Background and Aims: The efficacy and safety of peginterferon alfa-2a (PEG-IFN) plus ribavirin (RBV) and either boceprevir (BOC) or telaprevir (TVR), and physician adherence to treatment algorithms were evaluated in patients included in an ongoing non-interventional study (PAN) enrolling adults with chronic hepatitis C virus (HCV) infection managed in German office-based practices.

Methods: The analysis included HCV genotype 1-infected, treatment-naïve and treatment-experienced patients treated with BOC or TVR. Demographic, treatment history, virological response, safety, and patient management data were collected.

Results: Of a total 1087 patients, 58.1 % achieved sustained virological responses (SVR). Response rates were higher in treatment-naïve (BOC 55 %; TVR 63.4 %) and prior relapse patients (BOC 63.2 %; TVR 74.5 %) versus previous null-responders (BOC 14.3 %; TVR 25 %).
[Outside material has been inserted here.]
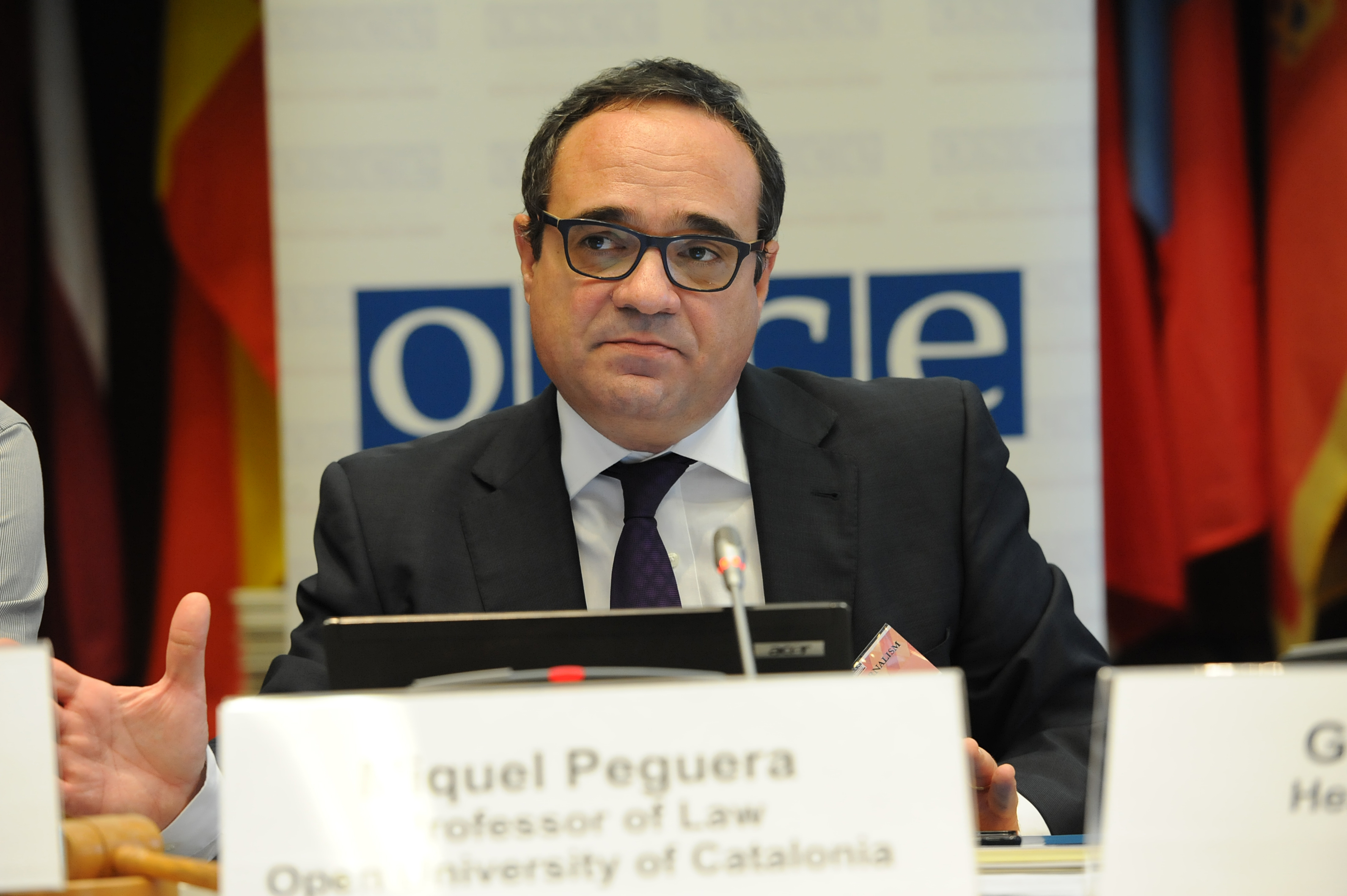 Miquel Peguera, Associate Professor of Law at the Open University of Catalonia, speaking at the expert meeting on intermediaries role in Open Journalism, organized and hosted by the Office of the OSCE Representative on Freedom of the Media,

The most commonly reported adverse event overall was fatigue (60.6 %); 45.8 % patients experienced hemoglobin < 10 g/dL. Patients with cirrhosis had lower rates of SVR versus those without (42.9 % vs. 60.7 %, respectively), and had a higher incidence of serious adverse events (SAEs) (16.7 % vs. 8.6 %, respectively) and treatment discontinuation (44.6 % vs. 25.2 %, respectively). According to recommended response-guided treatment algorithms, about 70 % of patients were managed appropriately, 11/10 % (BOC/TVR) received unnecessarily extended therapy, and 19/7 % (BOC/TVR) received inappropriately shortened therapy.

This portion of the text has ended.